Special Access 'Overcharges' Cost More Than $150 Billion, CFA Says

Special access "overcharges" by major telcos have cost consumers over $150 billion in macroeconomic losses since 2010, said Mark Cooper, Consumer Federation of America research director, in a paper released Tuesday. The inflated charges are due to "premature" FCC deregulation of Bell dedicated circuits leased by competitors and business customers, said Cooper, who summarized his findings at an event hosted by New America's Open Technology Institute. AT&T said Cooper's report was based on outdated data, and it said more recent data showed the special access market is highly competitive where there is demand. Other ILECs didn't comment but some referred us to an economist who is skeptical of Cooper's estimate.

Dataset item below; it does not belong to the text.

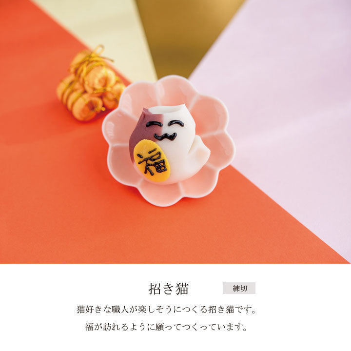 ・まねき猫:白餡、砂糖、小豆、還元水飴、山芋、もち米、寒天/トレハロース、着色料(炭末、赤2、赤102、黄4、青1)、(一部に山芋を含む)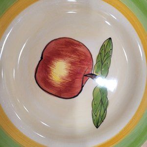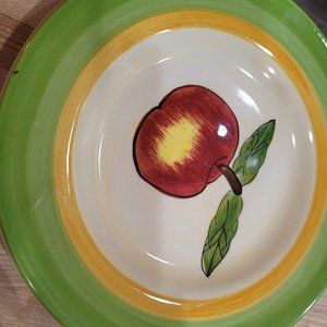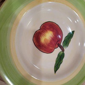 3 Tabletops Unlimited Hand Painted Retired Apple 8.75" Salad Plates. Green, white and yellow. One plate has a slightly lighter yellow band. No chips or scratches; some crazing. One plate has a very tiny dark spot as shown in the last image. All are in very good condition. (I've search for a 4th.If you have just one and want to sell it let me know.)

Bell critics appearing on a subsequent OTI panel hailed Cooper's findings. The reported $150 billion loss is "mind-boggling" but doesn't encompass all that fallout from a "broken market" that restricts consumer choice, said Charles McKee, Sprint vice president-government affairs. John Windhausen, executive director of the Schools, Health & Libraries Broadband Coalition, said his "anchor institution" members are paying higher connection costs because special access prices are excessive. Phillip Berenbroick, Public Knowledge counsel-government affairs, said the extra costs ripple through the economy to users of bank ATMs, gas stations, retail outlets and other business services.

Speakers called on the FCC to curb Bell special access pricing and practices. "Now is the time. This is the year. ... The commission must address this marketplace," said General Counsel Angie Kronenberg of Incompas, which represents CLECs, Sprint and other ILEC rivals. She said FCC special access action would ensure the "competition, competition, competition" mantra of FCC Chairman Tom Wheeler "can actually happen." The agency in April or May could issue a Further NPRM in its broad special access rulemaking and an order in its ILEC tariff investigation (see 1603210048). Kronenberg said the FCC could also soon act on a joint Incompas/USTelecom request for making certain types of confidential market data public in aggregated form.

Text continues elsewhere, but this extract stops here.